Dallas Settles for $600,000 in Lawsuit Over Firefighter's 2018 Death
By Everton Bailey Jr.
Source The Dallas Morning News
The Dallas City Council on Wednesday approved allowing a $600,000 settlement to resolve a lawsuit filed by the family of a city firefighter denied workers’ compensation benefits after his death.
The wife and three sons of David Walters asserted in a June 2021 lawsuit that chemicals — like carbon monoxide and fine particulate matter — he was exposed to and inhaled during his 19 years as a Dallas firefighter led to heart-related diseases that contributed to his sudden cardiac death in November 2018 while on vacation with his family. He was 49 when he died.
The lawsuit challenged a January 2021 administrative law judge’s decision that Walters didn’t sustain a compensable injury from an “occupational disease” that killed him. An appeal panel of the Texas Department of Insurance Division of Workers’ Compensation upheld the administrative law judge’s decision in April 2021.
A notice related to the lawsuit was filed in December, saying representatives from the city and the Walters family anticipated settling within 60 days. A dismissal hearing in the case is scheduled for Jan. 24, online Dallas County court records show.
The City Council approved allowing the $600,000 settlement without discussion Wednesday.

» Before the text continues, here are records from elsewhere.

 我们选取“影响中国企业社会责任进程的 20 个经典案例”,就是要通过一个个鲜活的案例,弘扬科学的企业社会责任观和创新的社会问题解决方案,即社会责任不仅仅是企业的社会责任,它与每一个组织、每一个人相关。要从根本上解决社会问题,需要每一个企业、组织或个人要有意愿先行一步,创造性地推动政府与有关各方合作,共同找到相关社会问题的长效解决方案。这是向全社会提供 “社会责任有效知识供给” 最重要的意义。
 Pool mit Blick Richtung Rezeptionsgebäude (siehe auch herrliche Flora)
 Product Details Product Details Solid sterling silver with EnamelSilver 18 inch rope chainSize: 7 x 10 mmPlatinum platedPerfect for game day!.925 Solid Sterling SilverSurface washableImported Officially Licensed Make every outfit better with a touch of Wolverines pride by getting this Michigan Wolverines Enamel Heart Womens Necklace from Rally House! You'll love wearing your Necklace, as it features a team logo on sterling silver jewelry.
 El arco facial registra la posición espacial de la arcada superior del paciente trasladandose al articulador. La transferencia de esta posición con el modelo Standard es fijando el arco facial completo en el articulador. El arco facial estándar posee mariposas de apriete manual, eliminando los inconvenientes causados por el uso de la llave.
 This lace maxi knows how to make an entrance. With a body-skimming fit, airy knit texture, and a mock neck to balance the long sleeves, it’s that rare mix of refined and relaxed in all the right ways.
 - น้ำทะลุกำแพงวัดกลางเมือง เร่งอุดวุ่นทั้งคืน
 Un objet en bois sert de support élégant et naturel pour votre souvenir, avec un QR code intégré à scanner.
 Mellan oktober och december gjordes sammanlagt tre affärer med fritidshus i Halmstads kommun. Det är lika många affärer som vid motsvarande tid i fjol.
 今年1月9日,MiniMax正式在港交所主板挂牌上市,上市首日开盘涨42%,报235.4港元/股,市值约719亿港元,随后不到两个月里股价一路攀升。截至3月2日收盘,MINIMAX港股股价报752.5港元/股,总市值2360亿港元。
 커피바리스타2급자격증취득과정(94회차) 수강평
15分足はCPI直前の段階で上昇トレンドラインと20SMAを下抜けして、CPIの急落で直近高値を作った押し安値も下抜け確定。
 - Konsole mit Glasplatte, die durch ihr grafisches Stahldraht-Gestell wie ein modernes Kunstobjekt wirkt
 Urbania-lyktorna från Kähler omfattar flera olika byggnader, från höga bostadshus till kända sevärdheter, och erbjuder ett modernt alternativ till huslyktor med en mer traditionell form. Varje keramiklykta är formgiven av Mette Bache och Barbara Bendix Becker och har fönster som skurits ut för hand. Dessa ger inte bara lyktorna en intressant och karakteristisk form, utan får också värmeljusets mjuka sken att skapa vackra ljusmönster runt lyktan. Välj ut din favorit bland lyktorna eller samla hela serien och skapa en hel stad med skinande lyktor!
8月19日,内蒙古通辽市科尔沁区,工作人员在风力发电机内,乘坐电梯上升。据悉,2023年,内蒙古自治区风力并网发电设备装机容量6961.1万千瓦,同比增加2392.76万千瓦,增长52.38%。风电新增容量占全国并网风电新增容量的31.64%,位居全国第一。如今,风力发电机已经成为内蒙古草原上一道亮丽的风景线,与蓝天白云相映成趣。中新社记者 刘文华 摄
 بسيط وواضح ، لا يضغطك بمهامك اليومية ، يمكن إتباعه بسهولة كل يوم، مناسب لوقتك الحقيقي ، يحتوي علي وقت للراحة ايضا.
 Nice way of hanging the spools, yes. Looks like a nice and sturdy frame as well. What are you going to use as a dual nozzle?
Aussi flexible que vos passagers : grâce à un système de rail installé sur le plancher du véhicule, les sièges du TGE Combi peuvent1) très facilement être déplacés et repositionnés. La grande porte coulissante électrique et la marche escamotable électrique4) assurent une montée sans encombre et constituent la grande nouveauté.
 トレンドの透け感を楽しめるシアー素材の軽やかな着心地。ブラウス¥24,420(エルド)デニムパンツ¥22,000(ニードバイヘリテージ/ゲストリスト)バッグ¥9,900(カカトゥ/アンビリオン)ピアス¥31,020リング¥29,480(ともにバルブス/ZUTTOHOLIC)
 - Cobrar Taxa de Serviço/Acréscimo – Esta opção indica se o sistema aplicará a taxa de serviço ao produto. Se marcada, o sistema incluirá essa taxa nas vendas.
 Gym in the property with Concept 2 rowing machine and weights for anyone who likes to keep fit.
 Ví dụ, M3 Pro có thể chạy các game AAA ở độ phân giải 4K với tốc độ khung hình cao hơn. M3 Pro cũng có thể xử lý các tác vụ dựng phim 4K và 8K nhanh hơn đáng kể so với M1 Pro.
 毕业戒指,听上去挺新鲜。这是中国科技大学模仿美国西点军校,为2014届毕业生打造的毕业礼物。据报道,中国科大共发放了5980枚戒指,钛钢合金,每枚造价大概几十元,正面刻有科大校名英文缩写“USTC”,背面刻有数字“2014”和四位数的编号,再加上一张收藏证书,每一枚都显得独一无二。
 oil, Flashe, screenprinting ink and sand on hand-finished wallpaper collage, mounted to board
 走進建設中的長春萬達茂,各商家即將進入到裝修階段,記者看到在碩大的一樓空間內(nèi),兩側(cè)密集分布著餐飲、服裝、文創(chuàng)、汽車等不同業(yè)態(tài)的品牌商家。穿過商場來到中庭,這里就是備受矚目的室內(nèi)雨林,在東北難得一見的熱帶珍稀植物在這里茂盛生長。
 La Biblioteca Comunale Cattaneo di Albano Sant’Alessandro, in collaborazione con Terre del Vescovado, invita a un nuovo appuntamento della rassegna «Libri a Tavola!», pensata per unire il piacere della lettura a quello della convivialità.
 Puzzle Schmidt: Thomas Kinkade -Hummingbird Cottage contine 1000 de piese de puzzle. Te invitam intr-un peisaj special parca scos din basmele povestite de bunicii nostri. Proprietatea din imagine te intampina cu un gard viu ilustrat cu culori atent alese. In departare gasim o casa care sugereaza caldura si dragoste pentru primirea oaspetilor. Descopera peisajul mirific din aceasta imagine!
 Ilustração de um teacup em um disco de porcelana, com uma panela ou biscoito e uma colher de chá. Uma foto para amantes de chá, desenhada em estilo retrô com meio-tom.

Attorneys representing the family and the city didn’t immediately respond to requests for comment Wednesday.
Kristi Walters told The Dallas Morning News in 2019 the city notified her days after her husband’s death that she and their then-three teenage sons would be cut off from the city’s health insurance plan.
The family was referred to COBRA health insurance, more than doubling David’s health insurance premium. If he had died while on the job, then his family would have qualified for line-of-duty death benefits through the city, and it would have included continuing their health insurance benefits.
According to the lawsuit, a medical examiner determined four months after Walters’ death that he died of atherosclerotic cardiovascular disease and coronary artery disease along with narrowed coronary arteries, pulmonary congestion and edema.
In its initial response to the Walters family’s lawsuit, the city denied all allegations made in the legal petition.